• **EXERCISE INSTRUCTIONS**:
For the entries that follow, retype exactly the lines from the one containing "a top view photo" to the one containing "Tyler, Tara, Drew, and", inclusive, and only those. Images stay out of the copy.

• **INPUT DATA**:
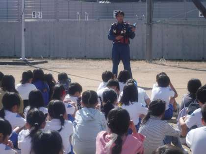 呉羽消防署の方に来ていただき、自衛消防訓練を行いました。休み時間に火災が発生したという想定での避難訓練を見ていただき、良かったところや今後のアドバイスを教えていただきました。「自分の命は自分で守る」を合い言葉に、安全に対する意識を高めていきます。
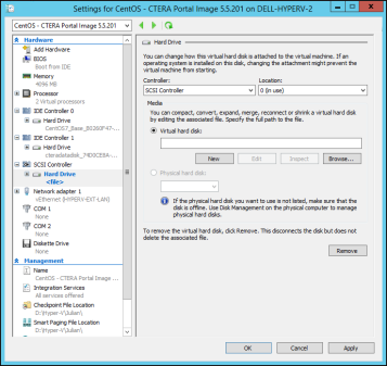 2 Attach a VHDX drive to the CTERA Portal server, by doing the following:
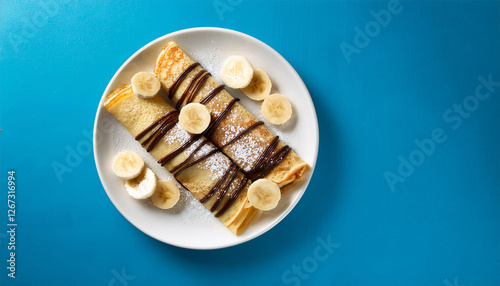 a top view photo of a plate with folded crepes drizzled in chocolate sauce garnished with powdered sugar dusted banana slices the dish is served on a white plate against a bright blue background
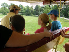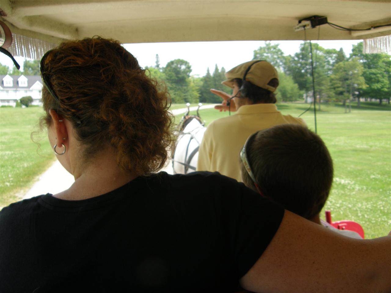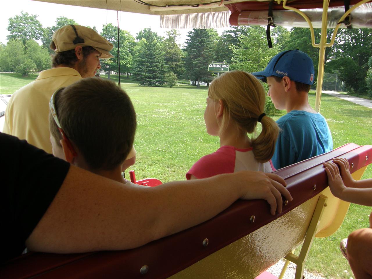 Tyler, Tara, Drew, and Jayden on the carriage, with Grandma
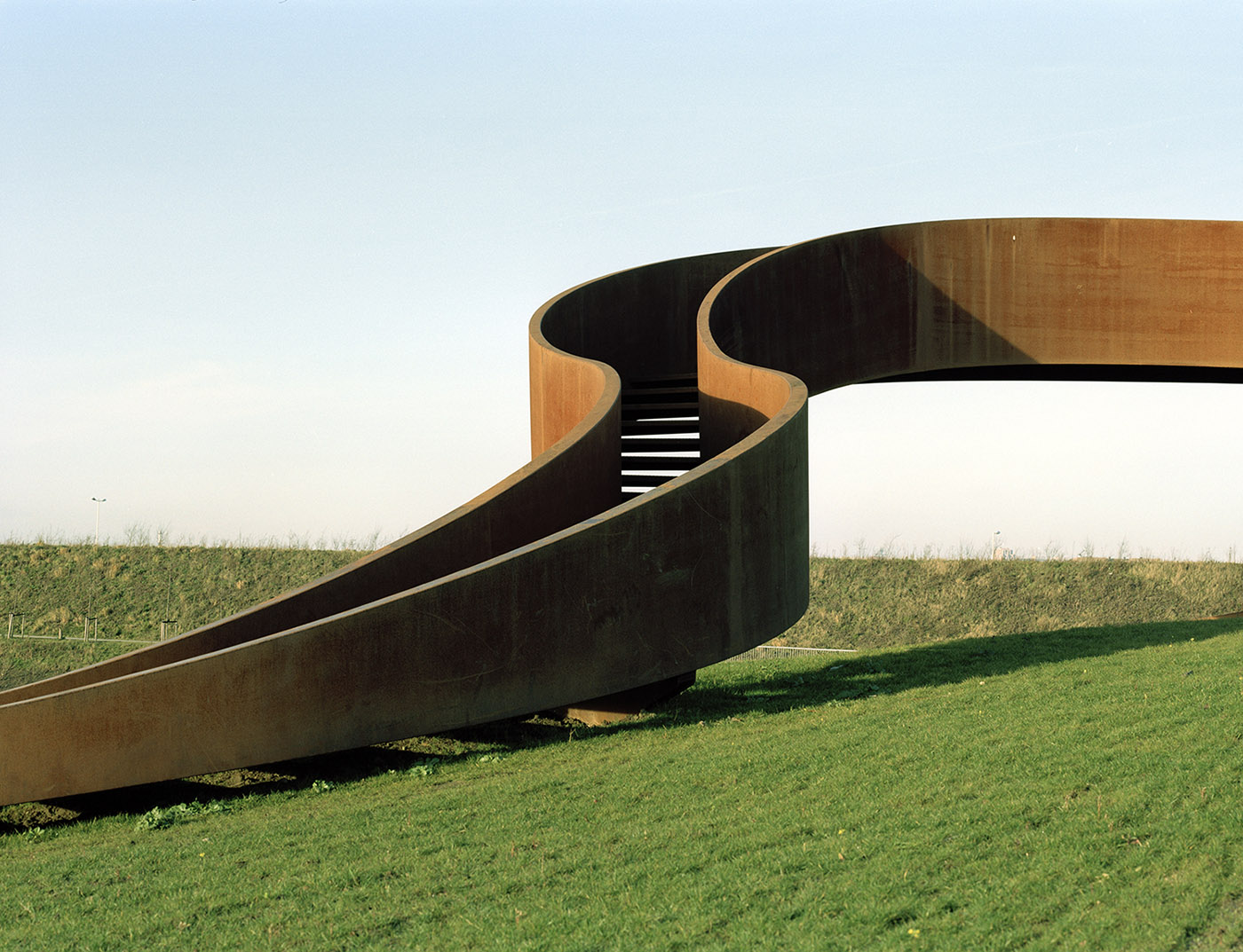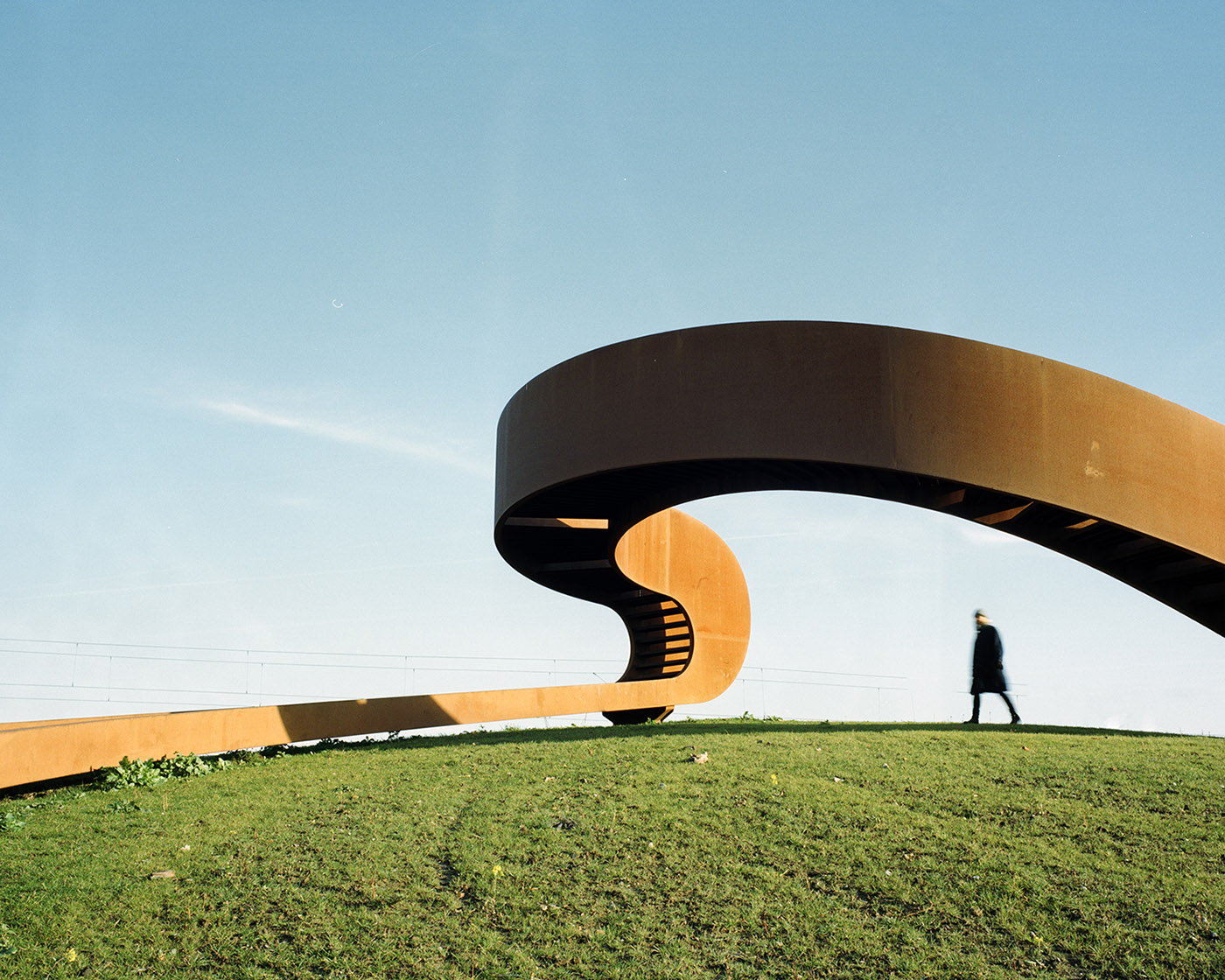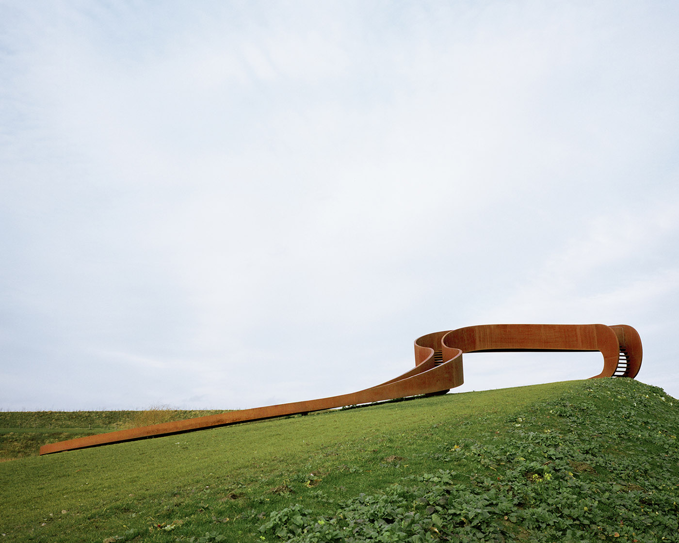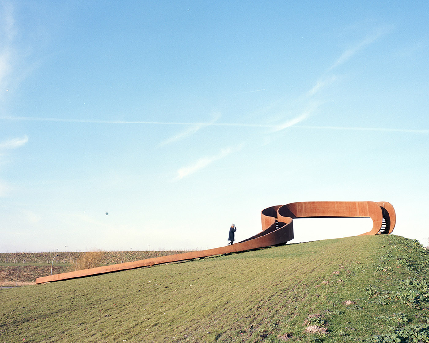 NEXT architects makes The elastic perspective based on the principle of Moebius' ring, a single surface that can only exist as a three-dimensional object. Because of its structure, the shape of the sculpture is difficult to perceive: each perspective generates a different image, related to the local artistic plane
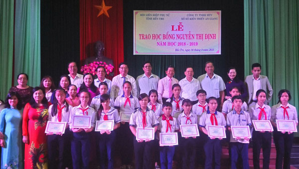 Chiều ngày 04/09/2018, Hội Liên hiệp Phụ nữ tỉnh Bến Tre, phối hợp cùng Công ty TNHH MTV Xổ số Bến Tre và An Giang, tổ chức lễ trao học bổng Nguyễn Thị Định cho học sinh, sinh viên nghèo hiếu học, trên địa bàn tỉnh Bến Tre, do Công ty TNHH MTV Xổ số Kiến thiết An Giang tài trợ,trong chương trình tài trợ đối ứng học bổng, giữa Công ty TNHH MTV Xổ số Kiến thiết An Giang và các công ty xổ số kiến thiết trong khu vực.
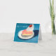 Douce, joyeuse et pleine de charme, cette carte de vœux présente une peinture acrylique originale d'une délicieuse tranche de gâteau aux fraises recouverte de crème fouettée et d'une cerise rouge vif. Sur un fond bleu vibrant, le dessert est posé sur une assiette blanche classique, créant une nature morte ludique qui se révèle à la fois nostalgique et amusante.
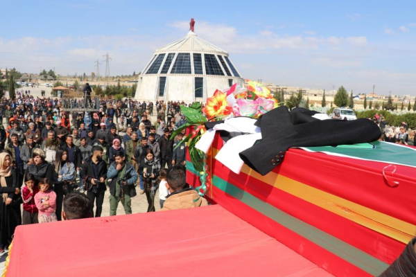Şêniyê Kantona Firatê, sazî û dezgehên girêdayî Rêveberiya Xweser, malbatên Şehîdan, ji bo veşartina cenazeyê şervanê Hêzên Sûriya Demokratîk (QSD) şehîd Gelî Kobanê (Mehmûd Hemê) ku dema li ser erka xwe bû şehîd bû, hatin ba hev.
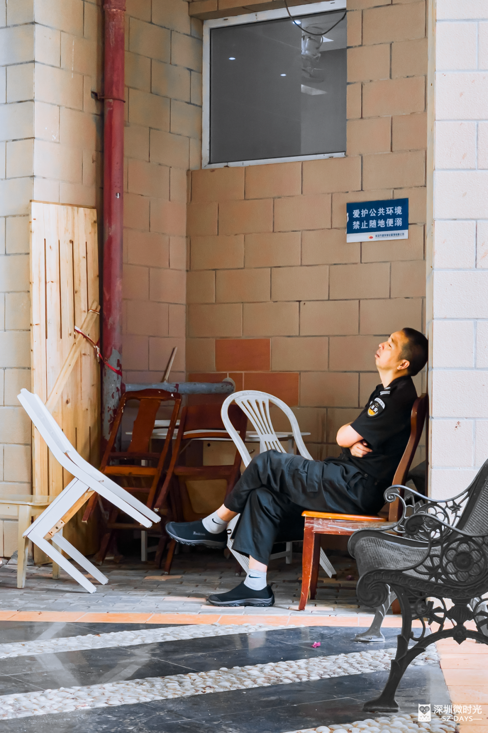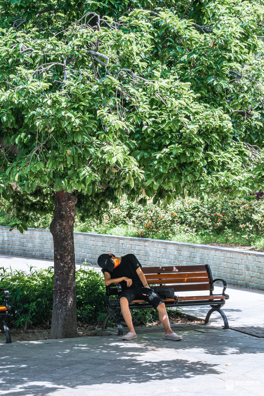 不论木椅还是石凳,总有人能准确找好姿势,安稳地补觉。

• **OUTPUT OF THE TASK**:
 a top view photo of a plate with folded crepes drizzled in chocolate sauce garnished with powdered sugar dusted banana slices the dish is served on a white plate against a bright blue background
 Tyler, Tara, Drew, and Jayden on the carriage, with Grandma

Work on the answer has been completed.